Leslie Smith Editor in Chief of

Leslie Smith, Editor in Chief,
Saturday January 28th, 2012

Nick Santino and his Pit Bull Rocco

Less than 24 hours after his dog was euthanized Tuesday, soap opera actor Nick Santino took his own life. The grief was too much to bear.

Santino once said of his adored Pit Bull mix, “I didn’t rescue Rocco. Rocco rescued me.” That idea is a common refrain among those who adopt shelter dogs, but for Santino, the pronouncement seems especially appropriate. Placed in an orphanage at the age of five months, Santino’s childhood proved a steady stream of unknowns and inconsistencies; he spent his years prior to age sixteen in a total of nine different foster homes.

For Santino, Rocco must’ve been a constant — perhaps the unfailing sense of family he’d never known with humans. But in 2010, management at Santino’s apartment building passed a strict anti-Pit Bull law. Already a resident, Rocco was grandfathered in, but Santino endured constant harassment from others in the building. After months of pressure, Santino made the gut-wrenching decision to put Rocco down.

I don’t have an answer as to why Santino didn’t move to another apartment —maybe he did look for alternative housing, I don’t know. I do know that finding a rental is complicated if you have animals, and a true challenge if you have a Pit Bull. One report described Santino as “down on his luck” — perhaps between that, the ongoing harassment, and horror at the idea of surrendering his dog to a shelter (if anyone gets a pass for not wanting to send a loved one back into a system with no guarantees, it’s Santino), he truly felt this was the best option.

But there’s no question the decision to euthanize Rocco ultimately cost Santino his own life. “Today I betrayed my best friend,” he said in his suicide note. “Rocco trusted me and I failed him. He didn’t deserve this.”

I wish I could’ve told Santino that I understand.

An animal shelter is one of the few environments in which caretakers routinely end the lives of those they were once tasked with saving. As a volunteer, I’ve been present for euthanasias that truly seemed to take place painlessly and quickly — and for others that were marked with seizures, struggles, and terror.

When I know it’s an animal’s time — that is, when I know his time is up — I try to make sure those last few minutes offer some joy.

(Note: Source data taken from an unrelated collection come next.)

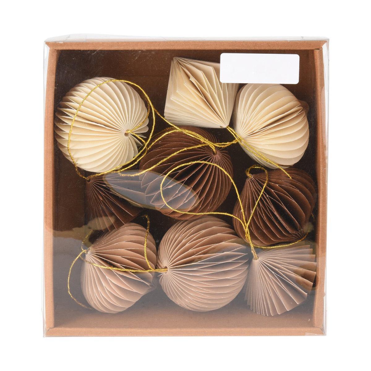 Dekorace závěsná 6 cm, KOULE, CIBULE, DIAMANT (9 ks). sada obsauje 9 ks mix druhů: koule, cibule, diamant velikost: 6 cm materiál: papír mix barev: béžová, světle hnědá, hnědá Závěsná papírová dekorace v příjemných teplých odstínech. Výška přepravní: 7 cm Šířka přepravní: 18,5 cm Hloubka přepravní: 19 cm Barva: Objem přepravní: 2,4605 dm3 Hmotnost přepravní: 0,066 kg Výška: 0 cm Materiál: Šířka: 0 cm Licence: Průměr: cm Elektroodpad: Zobrazení času: Určení nábytku: Listingový popis: Výbava: Typ: Typ strojku: Pozor křehké:
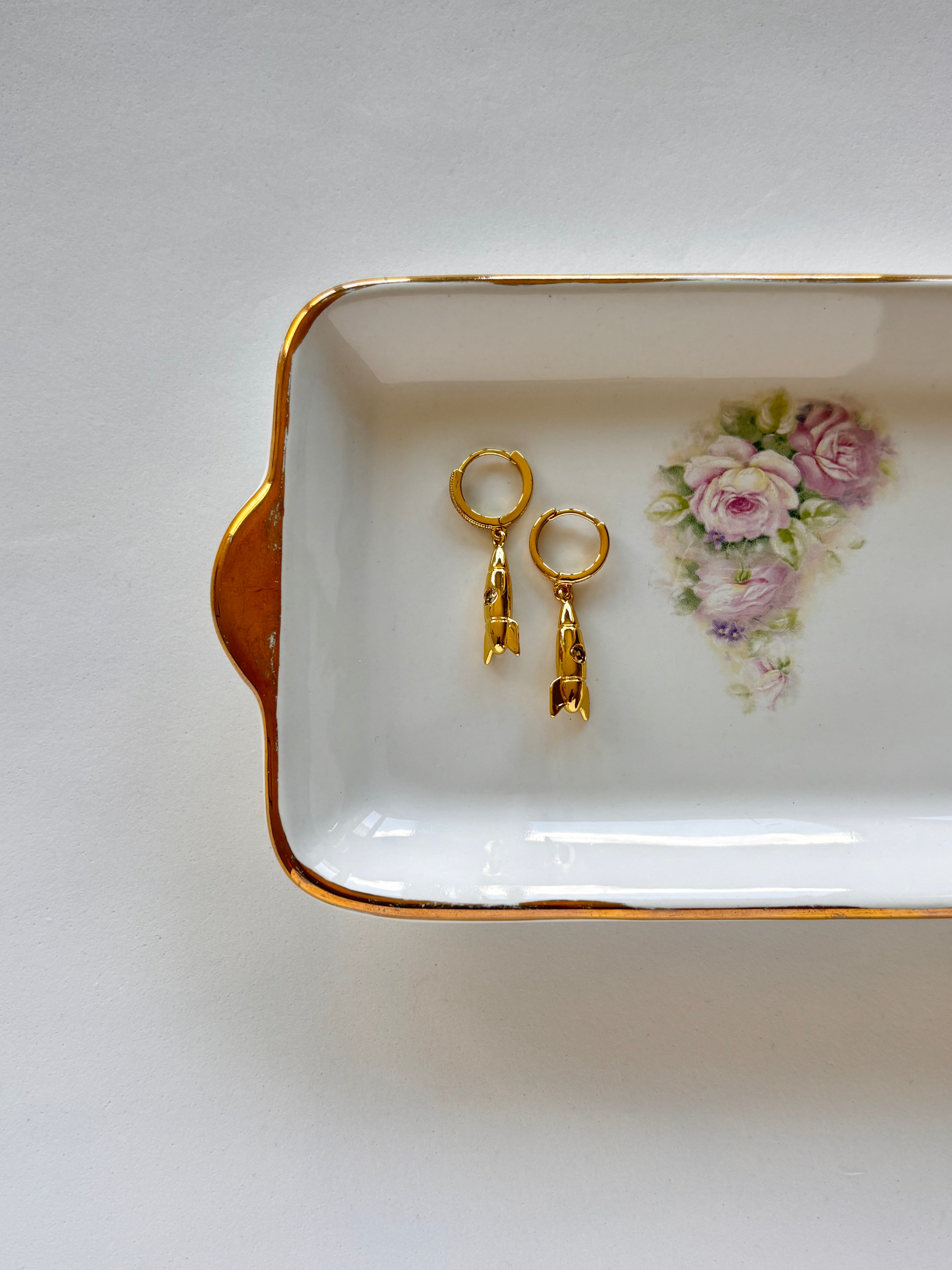Coppia di orecchini composti da cerchietti in ottone placcato oro, con zirconcini incastonati e charms razzo spaziale.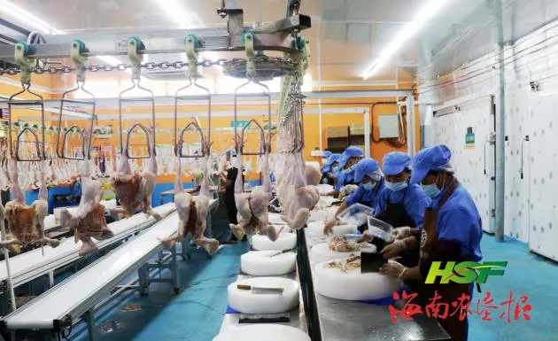 走进位于东昌农场公司十四队的海南四季椰林农牧有限公司,只见车间秩序井然,流水生产线从第一个生产车间贯穿到最后一个生产车间。一排排大小统一的支架,吊挂着宰杀好的文昌鸡,通过设备移动到工人面前进行加工。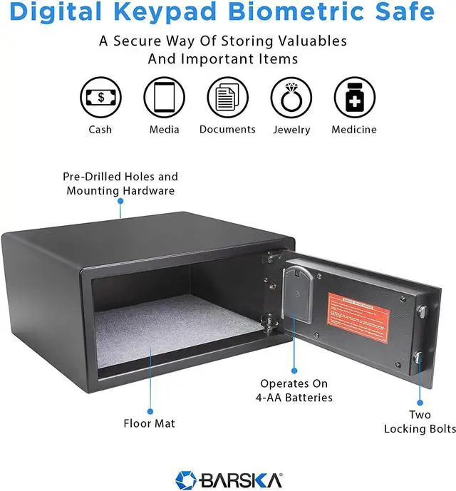 Solid Construction: The safe is built with solid steel walls, tamper-resistant edges, and 2 built-in pry-resistant steel deadbolts.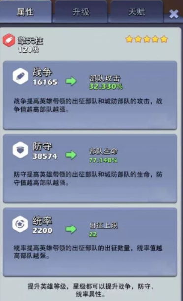 天赋系统是游戏里提升英雄战力的核心玩法之一,这是一个需要你投入不少资源和时间去研究的深度内容。你的英雄在达到五星等级后,天赋系统就会解锁,每个英雄总共可以拥有四条不同的天赋。这些天赋可不是随便点点的,升满一条天赋需要消耗400到440个对应的英雄碎片,而把一个橙色英雄培养到五星本身就需要620个碎片,所以积累碎片是前期就要开始规划的事情。天赋的属性加成非常可观,一条满级的橙色英雄天赋能为你的兵种提供高达110%的属性提升,这可是实打实的战斗力飞跃。理解天赋的构成和培养路径,对于任何想认真玩下去的指挥官来说都是必修课。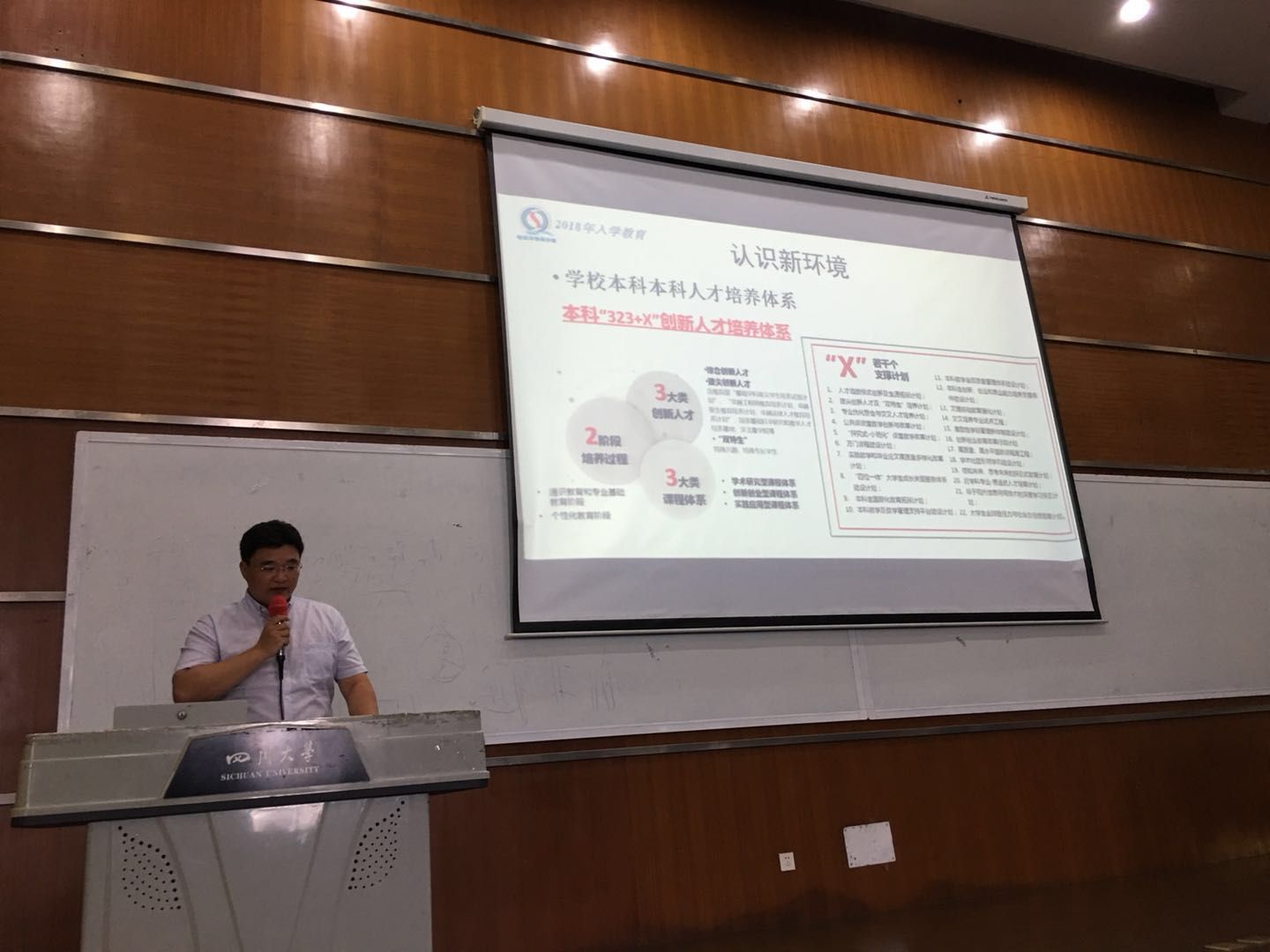 在典礼结束后,党委书记刘晓虎副教授为新生们讲授了开学第一课,鼓舞同学们努力成为具有崇高理想、独立人格、广博知识、开阔心智、国际视野的川大人。

A final walk along his favorite route, a last session of fetch, an extended belly rub and a coveted treat. But there’s no getting around it: Eventually, I’ll be leading this animal to a room he’ll never leave. It doesn’t matter that I don’t touch the needle; the sense I’m somehow complicit in this ultimate betrayal leaves me shattered every time.

Just as with the 10,000 shelter animals who are put down each and every day, Rocco’s death was not relief for incurable suffering. Therefore, it was not a euthanasia in the true sense of the word: a “good death.” Rather, it was an act performed out of fear, a somber ramification of breed profiling gone awry.

Certainly humans did fail Rocco, but I would argue that it wasn’t Santino, the man who rescued this dog and gave him years of love and security. Instead, we all failed Rocco. As a population, we have failed to adequately disable those that abuse their animals or purposely “train” them to become vicious and distrustful. We have allowed stereotypes and fear mongering to end the lives of millions of innocent beings.

I do believe there are fates worse than death — months in some of this country’s animal shelters would qualify. (And while I know that No Kill advocates would argue,) I also believe there are fewer good homes than there are animals currently in need. We simply have too many dogs and cats. But the solution to overpopulation is not killing; it’s prevention. And the solution to fear is not breed discimination, it’s education.

Said James Steven Grant, one of Santino’s former neighbors, “Rocco was the sweetest dog in the world. Rocco wouldn’t hurt a fly.”